===== RECORDS PROVIDED =====
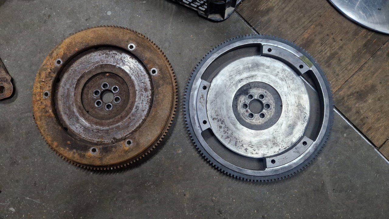 Fabryczne koło, po lewej, waży 7,2kg, koło po modyfikacji - 4,4kg. Jakieś 40% mniej. Ale - komplet koło, docisk, tarcza waży orygnalnie 10,8kg, a po modyfikacji 8kg. To wszystko trochę było zrobione na oko, ale proporcje mi się podobają. Ten silnik powinien się dobrze wkręcać.
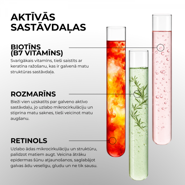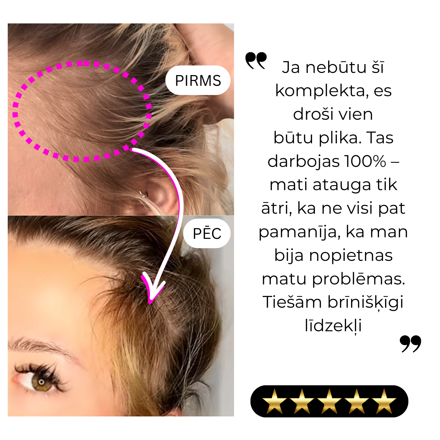 Jau pēc pirmās lietošanas reizes sajūtiet matu augšanas spēku un redzamu apjomu! Satur 11 izcilas, zinātniski pamatotas sastāvdaļas.
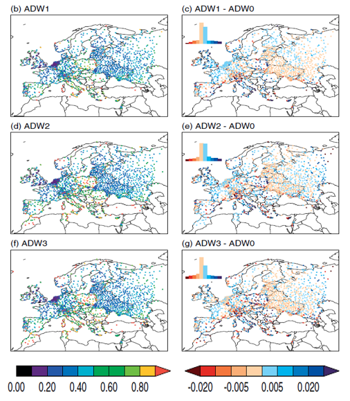 - 관측소 네트워크가 희박한 지역에서는, 차이가 덜 일관적이며, 여기서 ADW0은 일부 관측소에서 더 나은 skill을 보여준다.
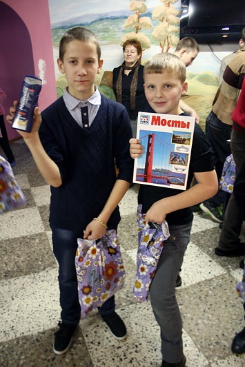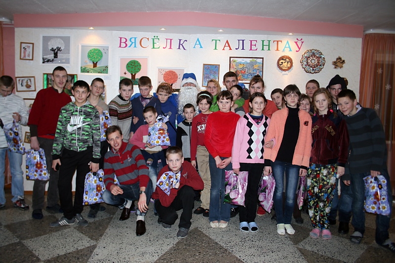 Зацягнуць у інтэрнат малых удалося толькі запрашэннем на святочны стол з салодкімі прысмакамі, якія прывезлі братчыкі. Аднавіўшы сілы, усе з запалам пакінулі іх на “танцполе” – пад завадную музыку народаў свету дзеці разам з мінчукамі весела танцавалі армянскія, грэчаскія і славянскія танцы, шчасліва смяяліся ды абдымаліся. Пад занавес выйшаў Дзед Мароз з падарункамі. Кожны атрымаў ад яго асабісты гасцінец, сярод якіх былі кніжкі на розныя тэмы ( "Сонца", "Рыбы", "Чалавечае цела", "Жывёлы" і гд), сшыткі ды альбомы для малявання, алоўкі і нататнікі, шампуні, шкарпэткі і гд.
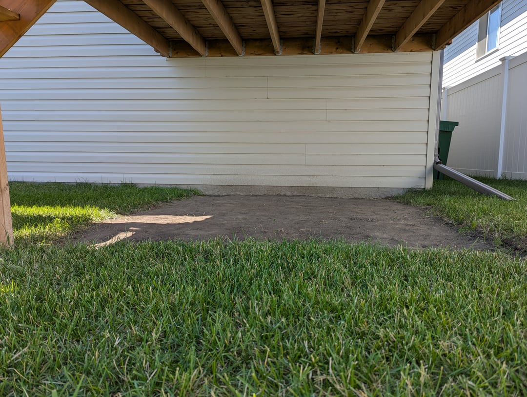 Appreciate some advice about what to put under my deck here. I really have no experience with landscaping aside from mowing my lawn – poorly. The grade is not very good here and does slope towards my house, but this area does not get a lot of water at all.
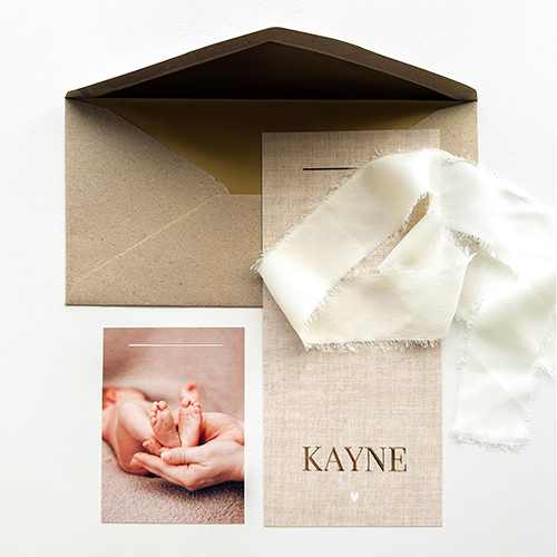 Een enkel, langwerpig geboortekaartje met daaraan een los fotokaartje. Het kaartje en het losse fotokaartje zijn voorzien van een opening waar je een mooi breed lintje door kunt doen. Het kaartje is aan de voorzijde afgewerkt met foliedruk.
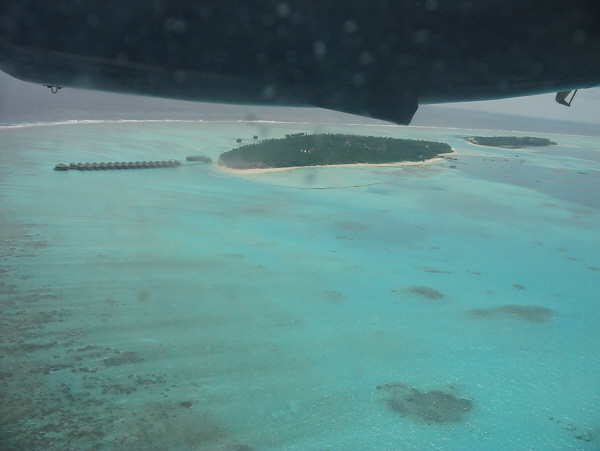 L'île de Meerufenfushi, vue d'hydravion, avec à droite l'île de Dhiffushi. |
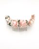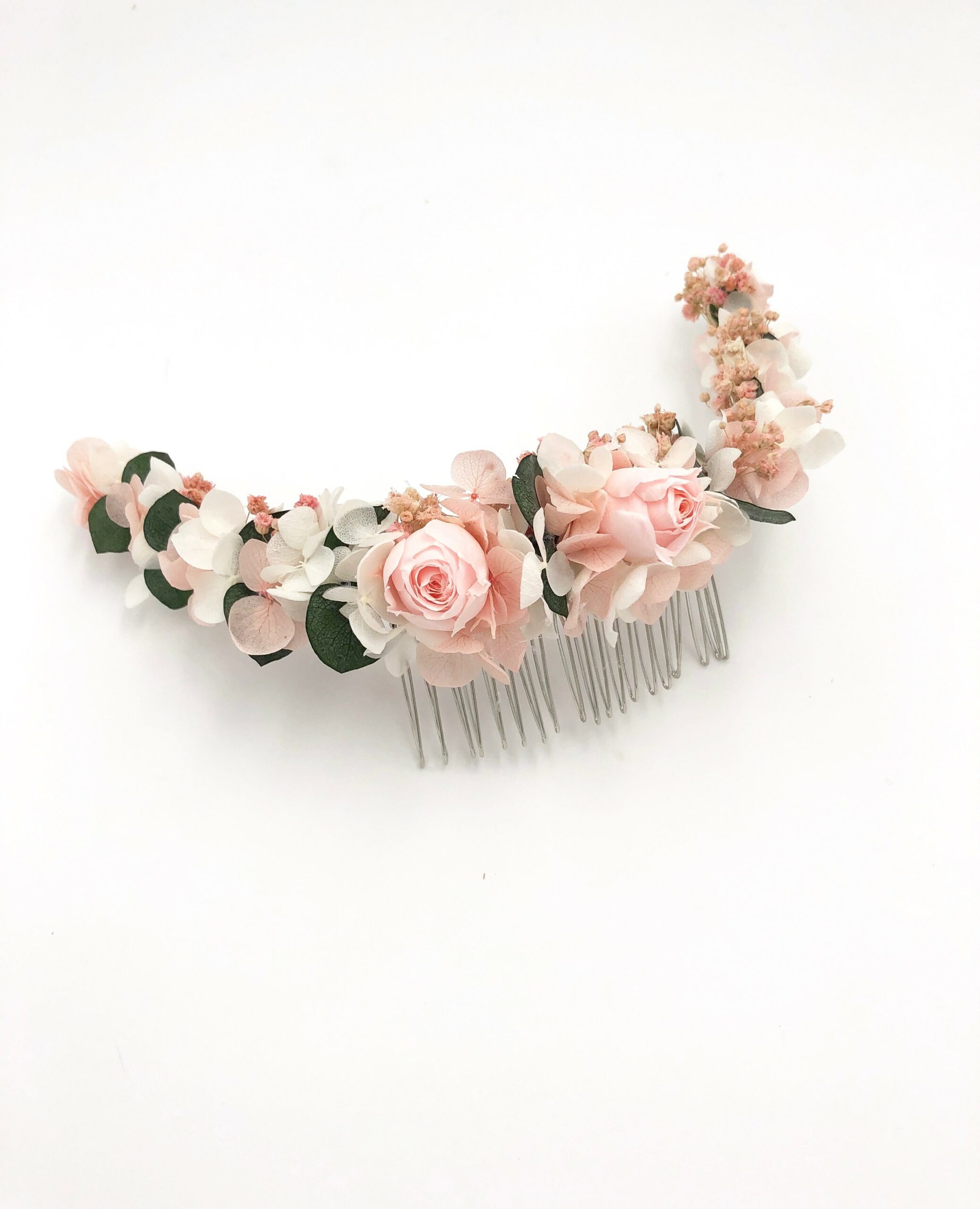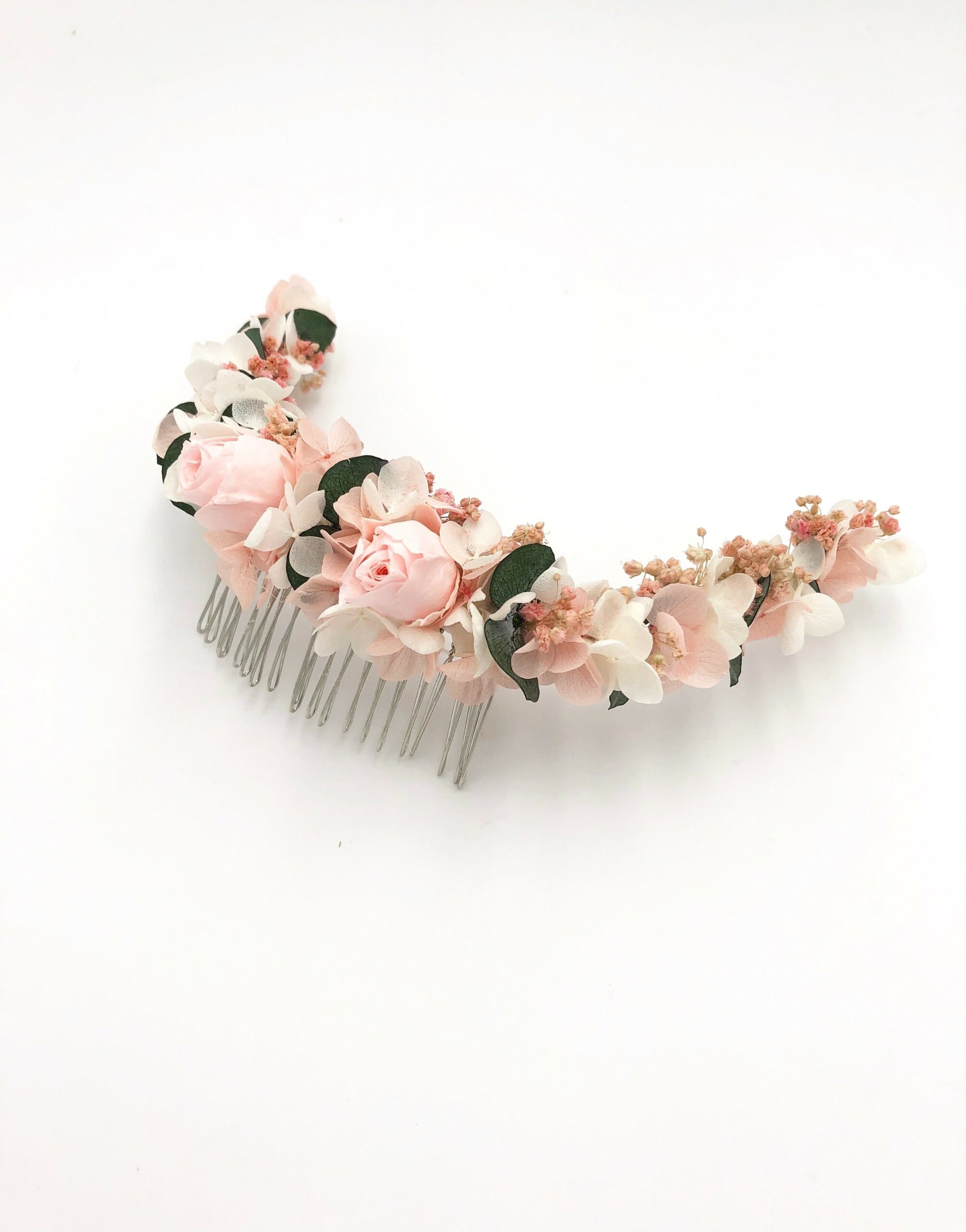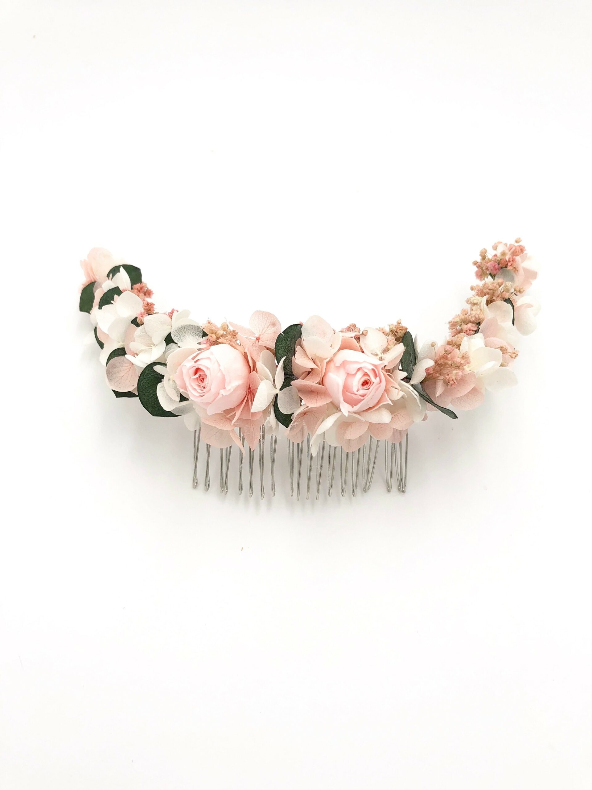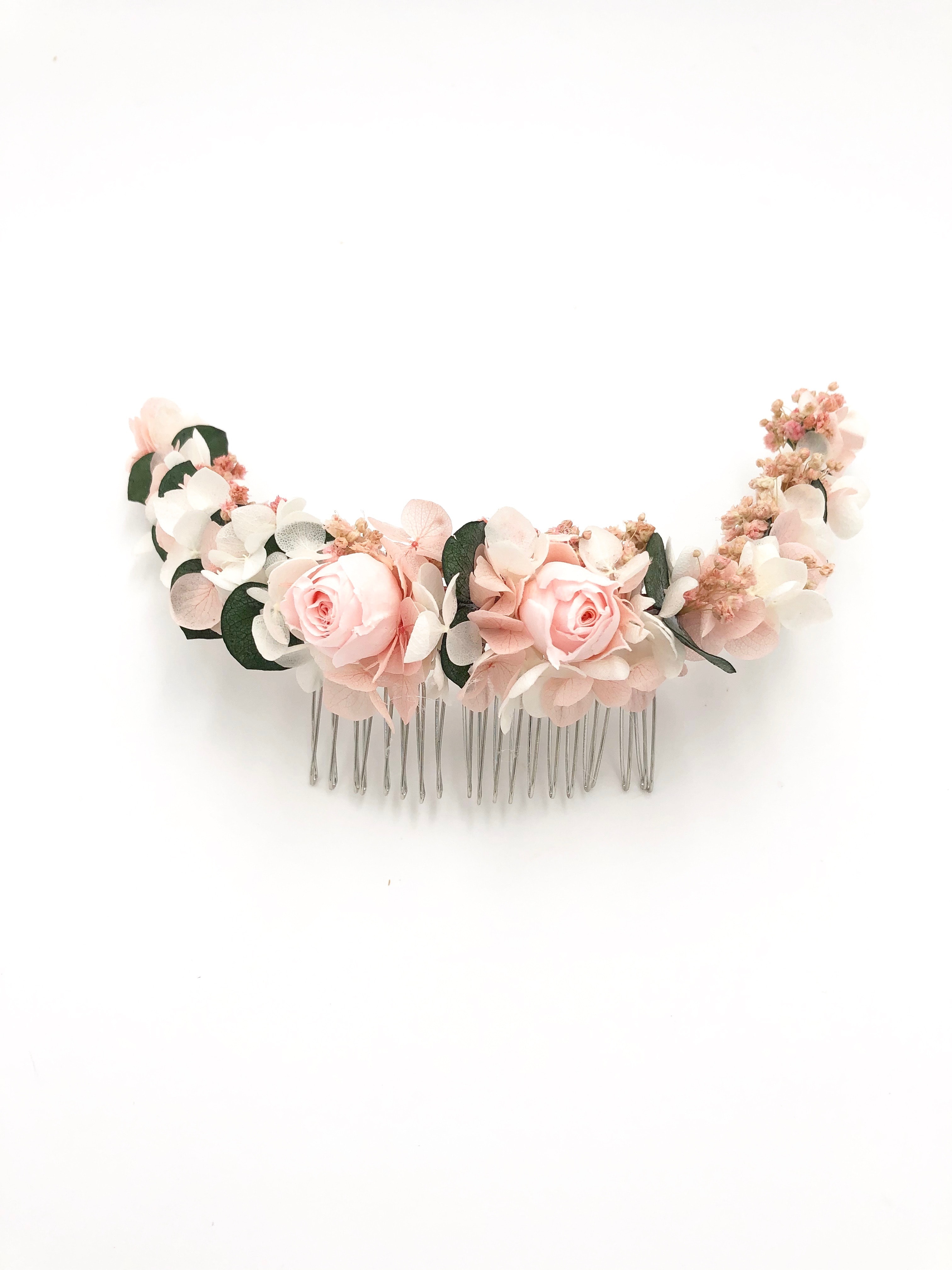 Le peigne en fleurs stabilisées Confetti en version longue fait partie de la collection romantique, qui se distingue par ses tons doux et sucrés rose pastel et dragée, qui comprend également la gamme Candi. Romantique et élégant, le peigne long Confetti est un mélange délicat de plusieurs fleurs stabilisées, et se conservera durant plusieurs années. Il associe ainsi des hortensias stabilisées roses, des brins de gypsophile stabilisé rose poudré, de petites feuilles d’eucalyptus au côté vert acidulé, et de délicats boutons de roses stabilisées. La gamme Confetti, de la collection Romantique, offre une touche très sucrée, pastel et romantique à votre tenue.
=====
Would you please print the entries once more, word for word, minus the pictures?

 Fabryczne koło, po lewej, waży 7,2kg, koło po modyfikacji - 4,4kg. Jakieś 40% mniej. Ale - komplet koło, docisk, tarcza waży orygnalnie 10,8kg, a po modyfikacji 8kg. To wszystko trochę było zrobione na oko, ale proporcje mi się podobają. Ten silnik powinien się dobrze wkręcać.
 Jau pēc pirmās lietošanas reizes sajūtiet matu augšanas spēku un redzamu apjomu! Satur 11 izcilas, zinātniski pamatotas sastāvdaļas.
 - 관측소 네트워크가 희박한 지역에서는, 차이가 덜 일관적이며, 여기서 ADW0은 일부 관측소에서 더 나은 skill을 보여준다.
 Зацягнуць у інтэрнат малых удалося толькі запрашэннем на святочны стол з салодкімі прысмакамі, якія прывезлі братчыкі. Аднавіўшы сілы, усе з запалам пакінулі іх на “танцполе” – пад завадную музыку народаў свету дзеці разам з мінчукамі весела танцавалі армянскія, грэчаскія і славянскія танцы, шчасліва смяяліся ды абдымаліся. Пад занавес выйшаў Дзед Мароз з падарункамі. Кожны атрымаў ад яго асабісты гасцінец, сярод якіх былі кніжкі на розныя тэмы ( "Сонца", "Рыбы", "Чалавечае цела", "Жывёлы" і гд), сшыткі ды альбомы для малявання, алоўкі і нататнікі, шампуні, шкарпэткі і гд.
 Appreciate some advice about what to put under my deck here. I really have no experience with landscaping aside from mowing my lawn – poorly. The grade is not very good here and does slope towards my house, but this area does not get a lot of water at all.
 Een enkel, langwerpig geboortekaartje met daaraan een los fotokaartje. Het kaartje en het losse fotokaartje zijn voorzien van een opening waar je een mooi breed lintje door kunt doen. Het kaartje is aan de voorzijde afgewerkt met foliedruk.
 L'île de Meerufenfushi, vue d'hydravion, avec à droite l'île de Dhiffushi. |
 Le peigne en fleurs stabilisées Confetti en version longue fait partie de la collection romantique, qui se distingue par ses tons doux et sucrés rose pastel et dragée, qui comprend également la gamme Candi. Romantique et élégant, le peigne long Confetti est un mélange délicat de plusieurs fleurs stabilisées, et se conservera durant plusieurs années. Il associe ainsi des hortensias stabilisées roses, des brins de gypsophile stabilisé rose poudré, de petites feuilles d’eucalyptus au côté vert acidulé, et de délicats boutons de roses stabilisées. La gamme Confetti, de la collection Romantique, offre une touche très sucrée, pastel et romantique à votre tenue.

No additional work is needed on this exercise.